Eddie (Logan Eigenberger) and May (Beth Wallace), two lovers doomed to an incestuous fate who continuously contradicted each other’s truths as the play gradually wore down the barriers between love connection and habitual obsession. The southern accents added to the exaggerated feeling of maddening simplicity, which seemed to be a key part of the setting. The focus was not on the set, but on the ferocious emotions that were explored by the actors from start to finish.

Inside May’s ragged motel room in the Mojave Desert, all the audience could see was a sparse bedroom and a bathroom. Eddie had already entered, back after yet another long spell away from May. May, who was curled into herself on the bed trying desperately to contain her love and hate for Eddie, was a picture of internal struggle.  She clung to him when he came near but hit him when he moved to go. She screamed for him to go but called him back before he could leave. She kept him on a proverbial yo-yo string that was symbolic of her own inner conflict about her feelings toward him.  

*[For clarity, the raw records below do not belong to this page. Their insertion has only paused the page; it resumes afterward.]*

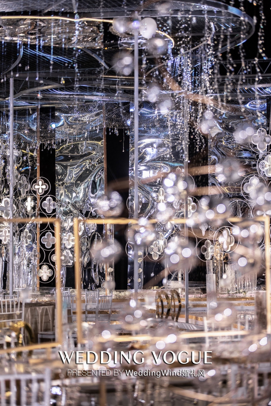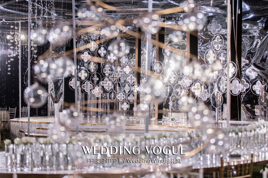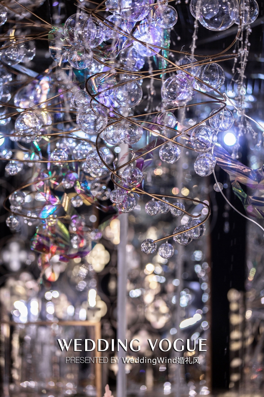 因为新娘喜欢bling bling的视觉体现,所以在以白色为主色系的婚礼现场内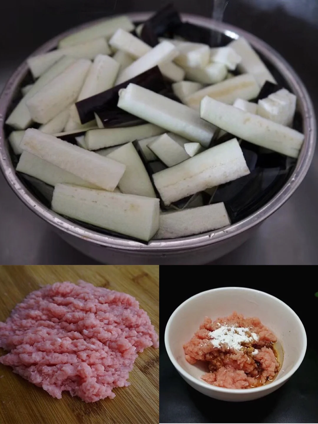 1.茄子切成这样均匀的长段,然后泡在一个大一点的容器内,加适量盐泡一会儿 防止变黑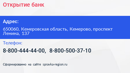 Открытие, банк по адресу 650060, Кемеровская область, Кемерово, проспект Ленина, 137 в дальнейшем Организация, размещена в следующих категориях: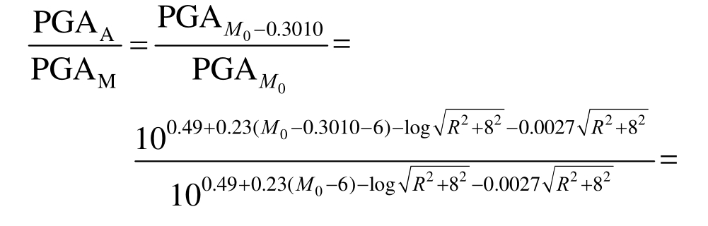 由式(3)和式(4)可知,余震与主震PGA之比为: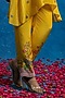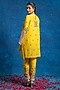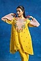 Featuring a yellow and pink kurta in cotton net base with color blocking and applique detail. It is paired with printed viscose linen pants and a slip. Accentuate it with hoop earrings and wedges for a festive look.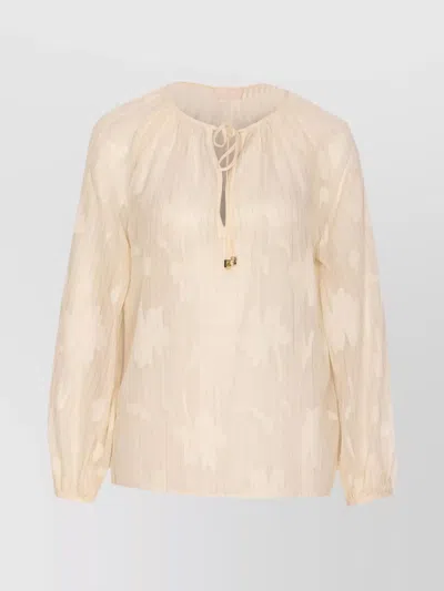 long sleeves | v-neck with laces closure | transparent effect | Sheer fabric | beige shirt | Tie detail | Floral pattern | Gold-tone hardware | button on cuffs

Eddie spoke with the tone of one who is used to leaving, just as May spoke with the tone of one who is used to being left.

Both characters could go from defeated to undefeatable in a matter of seconds, illustrating the absurdity of the passions that drove them. The entire first part of the play was a loud and physically vicious struggle between the two doomed loners. 

Eddie was the fruition of his father, The Old Man (Jon Hutson), who was actually on stage for most of the play.  Well, kind of onstage—he hung on the outskirts of the set, almost looming on his children’s subconscious. Though it can be inferred that he was seen by both characters, May barely took notice of him but to hear him speak. As the play unfolded, The Old Man called Eddie a “fantasist” and claimed that what is true in the mind is “the only true realism”. The Old Man served to push the dream-like quality of the production forward, breaking the barriers and forcing the audience to question what was real, even within this already fictitious story. 

May changed into a seductive red dress right in front of Eddie, proving their lengthy past with her comfort. May in the red dress seemed to be a reflection of the May in Eddie’s mind—the May at her “best” and most attractive state. 

Eddie confessed to being May’s half-brother only when her suitor Martin (Jason Hackbarth) arrived. He told Martin his side of the story, with The Old Man chiming in every once and a while, but only Eddie could hear him. It became clear that The Old Man had two separate families who did not know about each other until it was too late for May and Eddie.  Eddie’s story was tragic, yes, but it ended with a declaration of love for May. 

May was not so sweet about the tale, telling how it really was for her. May’s mother, “the other woman”, crossed into The Old Man’s other life, breaking an “unspoken agreement”. Soon the audience became aware that when May and Eddie fell in love, May’s mother tried to convince them to stop. However, no matter how repulsive they found themselves for it, they could not unlove each other. Because of this, Eddie’s mother “[blew] her brains out.”

At this point, Eddie was defeated. The Old Man urgently begged Eddie to stand up for “the man’s side of the story,” but instead he added that his mother committed suicide with his father’s gun. In this way, Eddie defied The Old Man’s version of the trauma which had been railed into his head from adolescence. 

Eddie is the reincarnation of his father and both he and May hate that about him.  May despises herself for falling for a man just like her father, just like the man that ruined her mother. 

The symbolism of the color red was plentiful in this play which set the tone very well. Red is the color equally symbolic of love and hate, the two emotions that are most likely to drive a person mad. May’s mother’s red hair, May’s red dress, the red fire outside the window and the red motel sign were all beacons of the madness that ensued at a tiny motel room in the Mojave Desert.